We are approaching the end of the year and that means one thing for sure: the personal yearly wrap up. I am a long-term indulger in the end of year wrap up.

It’s when everyone starts retrospectively making sense of all the shitty things that happened this year. Turning poop into flowers. Twisting sadness into silver linings. Casting light in otherwise very dark forgotten corners.

It makes us feel in control of our lives and the things that happen in them. It creates the illusion that we sit in the driver’s seat of our world.

It’s going to take some large leaps for some to find a positive spin this year but no doubt the onslaught is approaching, I can feel it in the air.

We are drawn to it like moths to a flame. We so want to make the bad things feel good. We want there to be some higher reason for our mundane human suffering.

These little reflections sneak into conversations, become the basis of social media posts, inform our feelings as we close out a year that’s been weird to say the least.

Isn’t it a strange thing, the coping mechanisms we employ to make nonsensical things seem acceptable? Perhaps its the only way to get through life. It was worked for me for a large portion of mine.

However, this year I feel a deep resistance in my gut to put things in perspective. I feel drawn to calling this year what it is: a crappy year. A series of unfortunate events that have spun many people’s lives into chaos.

And I can hear you already, Ah yes but lots of good things have happened!

We got to take a break!

It’s not all bad!

You’ve got to look on the bright side!

We got to spend more time with the family and learn to bake bread and buy chickens!

Now we know what really matters!

And these are the expected refrains of those deep in the denial of the yearly wrap up. I don’t blame you for wanting to be there, it is a comfortable refuge, safe from the raging shit show that was and is the year 2020.

But I’m not just talking about your life, or my life (which you could also argue was reasonably ‘good’). I’m talking about the collective human experience of 2020. It has not been good.

I’m not even mad about it (okay, maybe a little).

You may call me cynical. And you may be right.
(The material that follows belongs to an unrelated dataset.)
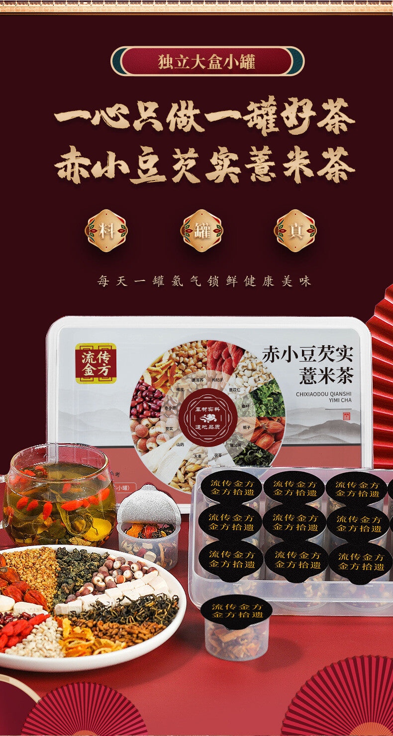 品牌:流传金方 货号:dsfs5 售卖方式:包装 原料与配料:详见外包装 产品认证:否 保质期:12个月以上 原产地:安徽 储藏方法:阴凉干燥 食品工艺:冷泡 是否礼盒装:否 生产日期:详见外包装 生产厂家:安徽流传金方健康产业有限公司 生产许可证编号:SC11434160230498 包装规格:流传金方赤小豆芡实薏米茶(250克15小罐) 净含量(规格):250克 是否含糖:无糖 是否进口:否 茶种类:养生茶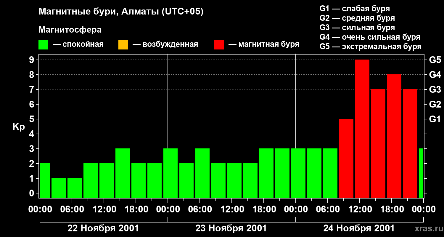 Изменения геомагнитного индекса Kp с 22 по 24 ноября 2001 года для средних широт

But I think it is something more like a willingness to see things for what they are rather than what I want them to be. This year I am finding comfort in remaining wide-eyed and not fading into comfortable clichés.

I’m just not sure that everything is for the best.
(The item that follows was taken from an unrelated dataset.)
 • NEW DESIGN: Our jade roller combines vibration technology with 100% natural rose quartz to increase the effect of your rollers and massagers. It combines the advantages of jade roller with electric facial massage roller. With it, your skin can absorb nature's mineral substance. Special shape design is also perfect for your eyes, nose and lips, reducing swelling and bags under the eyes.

I am not convinced everything happens for a reason.

Can you tell me exactly what you mean when you say, it is what it is…?

Does it really… all work out in the end?

Or do we just hide in these little phrases to insulate ourselves from the harsh truth that sometimes things are not good. And they are not good for no good reason other than the reality of life.

Is acceptance of the vastness of having no greater order, no master plan too much to bear?

Would our lives be different if we could resist the urge to put a positive spin on everything? Could we be happier if we just left things as they are without inventing stories about them?

Would we see more clearly? Could we connect with an understanding of the world beyond just our own experience?

If you saw 2020 for what it is, what do you see?